By Jim EllisAug. 1, 2019 — It looks like the House GOP retirement cavalcade of the past week is continuing. Reports surfaced overnight yesterday that Texas Rep. Mike Conaway (R-Midland) would announce his retirement from Congress after what will be 16 years in office at the end of the current term. He did so yesterday in an afternoon press conference in Midland, Texas, which opens the 15th House seat in this election cycle, and the fifth in the past week.
Though the last five seats all come from the Republican side, four are safe for the party and will produce GOP successors. The eventual Republican nominee in the TX-22 seat, from which Rep. Pete Olson (R-Sugar Land) is departing, will still be favored next November, but this district will be competitive.Texas’ 11th District is the third-safest Republican seat in the nation, at least on the 2016 Trump presidential scale. The president received 78 percent of the vote from this west Texas constituency, and the eventual GOP nominee will become a prohibitive favorite in the 2020 general election.

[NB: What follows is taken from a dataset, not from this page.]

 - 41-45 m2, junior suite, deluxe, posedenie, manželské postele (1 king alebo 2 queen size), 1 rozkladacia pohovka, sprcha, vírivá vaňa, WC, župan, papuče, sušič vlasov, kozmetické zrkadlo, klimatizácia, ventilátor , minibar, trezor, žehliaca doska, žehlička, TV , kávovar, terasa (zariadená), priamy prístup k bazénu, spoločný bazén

The 11th District is anchored in the Midland-Odessa region deep in west Texas, moves east to annex the city of San Angelo, and then travels northeast almost to the outer Ft. Worth suburbs. The district contains 27 counties and parts of two others. In addition to posting 78 percent for Trump, Mitt Romney earned 79 percent, and John McCain recorded 76 percent support in 2008.
More than 70 percent of the congressional district lies in two state Senate seats, the latter districts actually being larger than federal CDs. Interestingly, those two Senate seats are anchored in cities, Lubbock and Amarillo, that lie as population anchors of different congressional districts. Therefore, Sens. Chris Perry (R-Lubbock) or Kel Seliger (R-Amarillo) will have a smaller political base in the 11th CD than one would guess from looking at the district overlay map.
Several state House districts are contained within the Conaway congressional district and several sitting members could enter a Republican primary. The person in potentially the best position is Odessa Rep. Brooks Landgraf, but several others represent significant portions. The Midland state representative, former state House Speaker Tom Craddick who was first elected in 1968, will not be a congressional candidate.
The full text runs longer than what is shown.